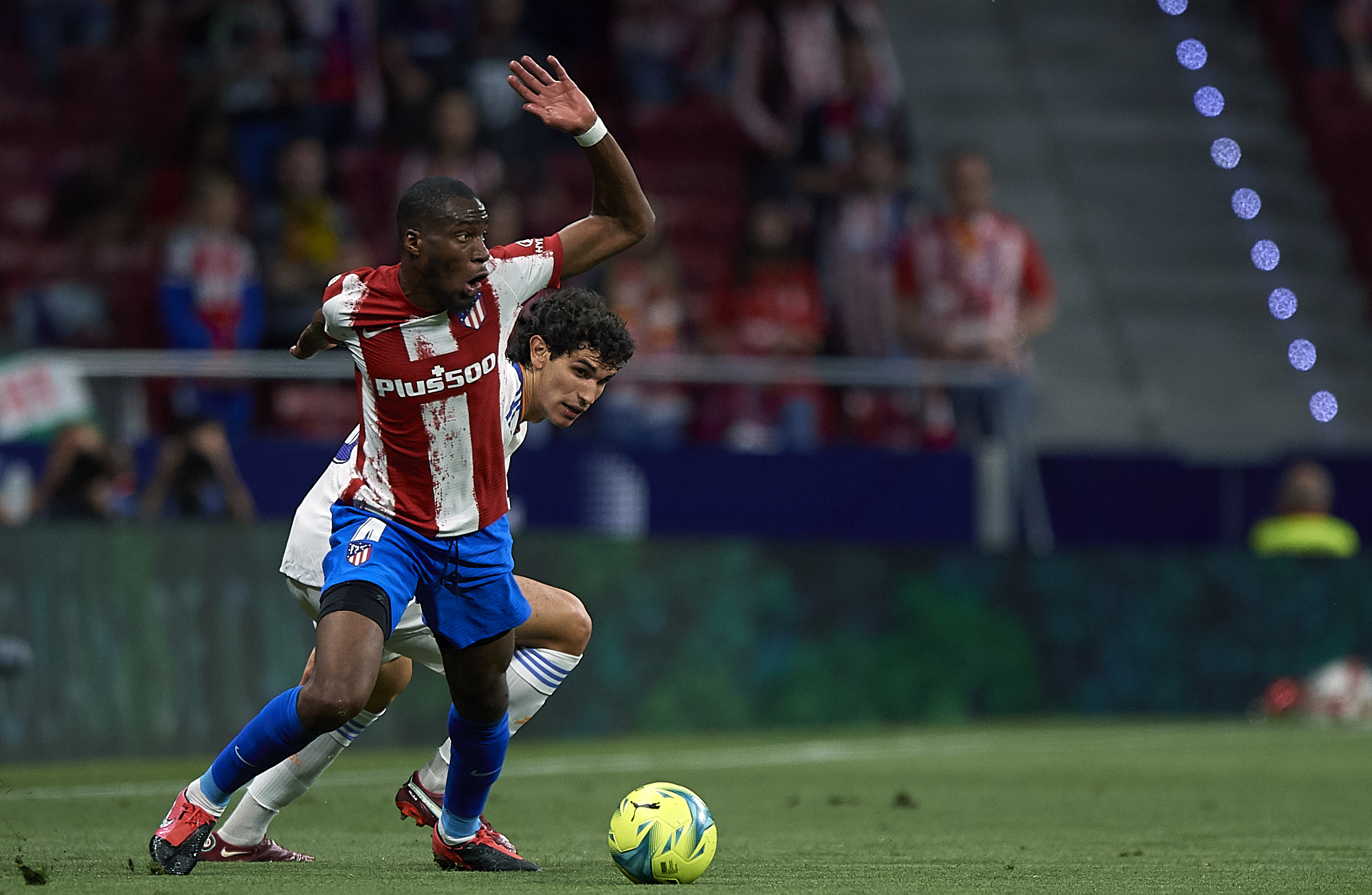 5月8日,皇家马德里队球员巴列霍(后)与马德里竞技队球员孔多比亚在2021-2022赛季西班牙足球甲级联赛第35轮比赛中拼抢。新华社发(帕布罗·莫拉诺摄)
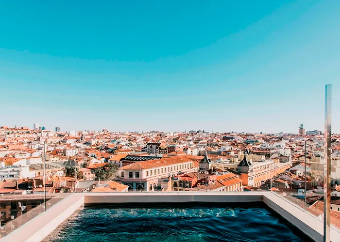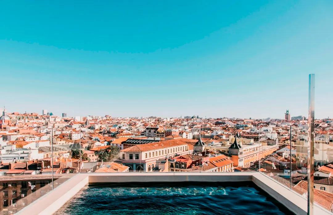The rooftop terrace provides a unique experience with a sky pool and cocktails, featuring 360o views of the Madrid skyline, where guests can enjoy sunsets over iconic landmarks. Leisure facilities also include a solarium for relaxation and a lounge area with cocktails and DJ music on select evenings.
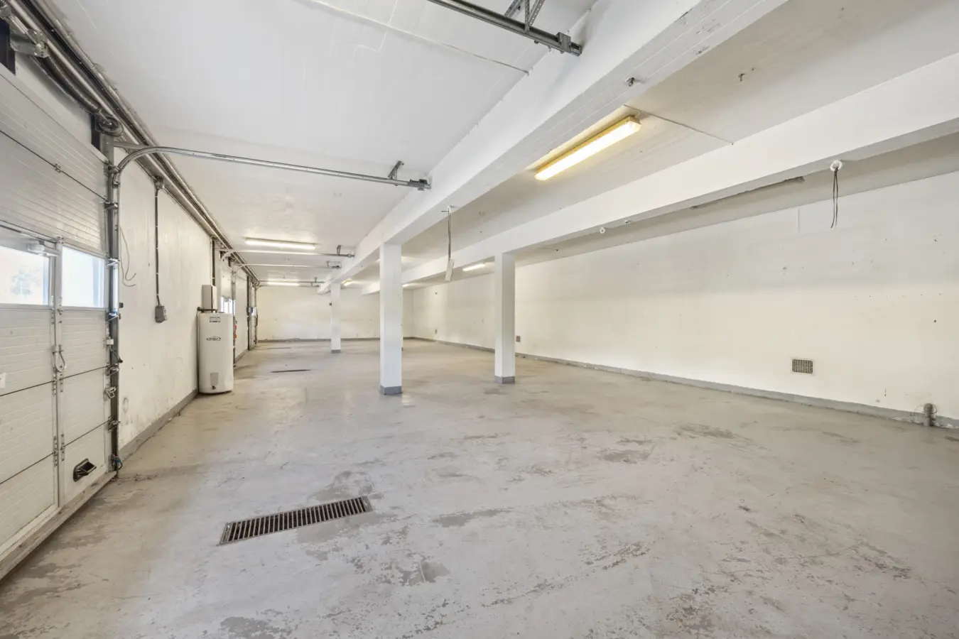 Ca. 184 kvm BTA med 2 kjøreporter. Takhøyde på ca. 3,4 meter. Portene har en bredde på ca. 2,73 meter og høyde på 3 meter. Det er vann og sluk i lokalene.

============================================================

* [ABOUT THIS TASK]
Please copy out the material above exactly, with the images removed.

* [RESPONSE BELOW]
 5月8日,皇家马德里队球员巴列霍(后)与马德里竞技队球员孔多比亚在2021-2022赛季西班牙足球甲级联赛第35轮比赛中拼抢。新华社发(帕布罗·莫拉诺摄)
The rooftop terrace provides a unique experience with a sky pool and cocktails, featuring 360o views of the Madrid skyline, where guests can enjoy sunsets over iconic landmarks. Leisure facilities also include a solarium for relaxation and a lounge area with cocktails and DJ music on select evenings.
 Ca. 184 kvm BTA med 2 kjøreporter. Takhøyde på ca. 3,4 meter. Portene har en bredde på ca. 2,73 meter og høyde på 3 meter. Det er vann og sluk i lokalene.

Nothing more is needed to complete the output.